By Anna-Claire Terry
Opelika recently made a decision to take on probation services as an in-house task. For the last three years, the city had a contract with a private company, Professional Probation Services.
According to city attorney Guy Gunter, the decision was in the city’s best interest.
“We decided to terminate the contract, not because of any fault on their ( PPS) part, but the city felt it would be best to go to an in-house service. The city will hire a probation officer to supervise probations in the municipal courts,” Gunter said.
According to Gunter, the reasoning behind the contract termination is to protect the city from getting sued. “There has been a lot of litigation in other cities about privatized probation services. You have public interest law firms that are of the opinion that private for-pay probation services puts an undue burden on the poor,” he said. The city does not actually pay money to the probation services company. The person on probation pays a monthly fee of $35. “It’s a good deal for the tax payer, but not so good of a deal for the person on probation,” Gunter said.
The new probation officer will be a salaried city employee with responsibilities and duties that include but are not limited to meeting with those on probation, discussion of terms of probation, administering drug tests, monitoring community service and rehabilitation programs and pretrial diversion investigation.
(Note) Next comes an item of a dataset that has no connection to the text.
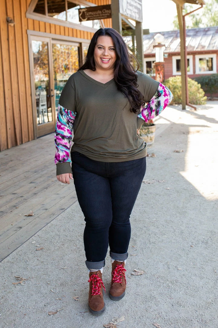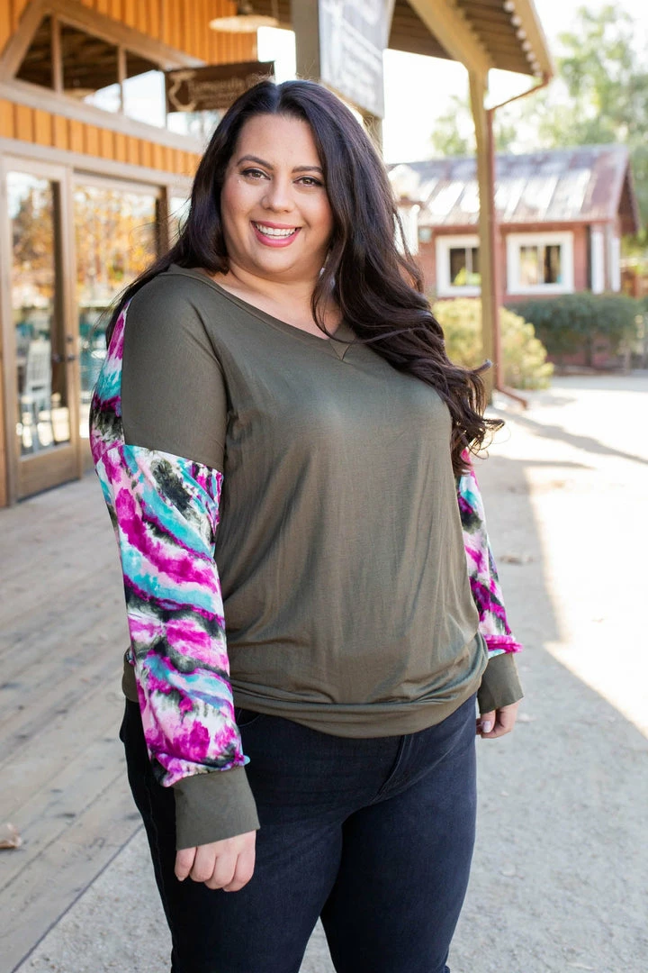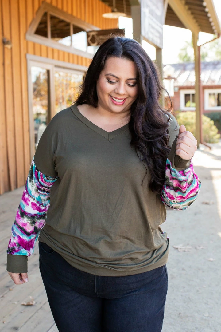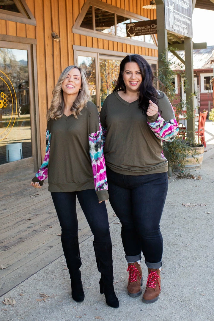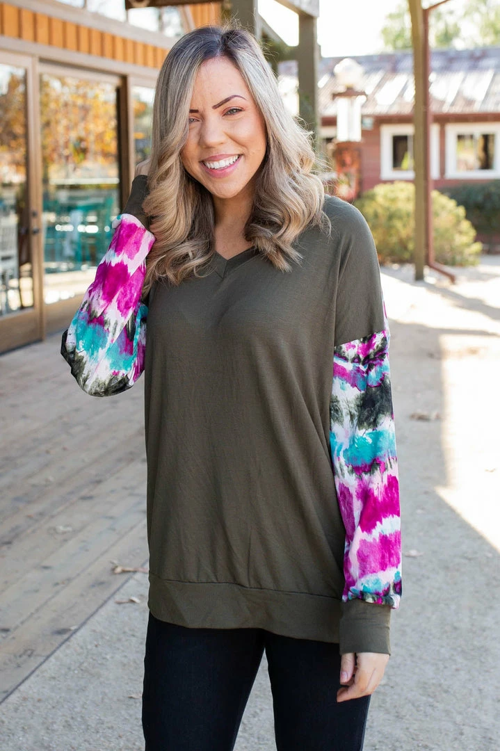 This long sleeve top is sure to awaken your soul with the perfect olive coloring and contrasting tie dye. Featuring a relaxed fit with banded hem, v-neck and tie dyed sleeves and pack panel.

The new probation officer will cover probation for all offenders of misdemeanors in Opelika. Gunter added that having an in-house employee specifically dedicated to these tasks will allow more time for everything to be handled efficiently.
Alabama cities that have faced lawsuits because of privatized probation services include Montgomery, Columbianna, Alexander City and Dothan.
“Essentially, what Opelika is doing is being proactive,” Gunter said.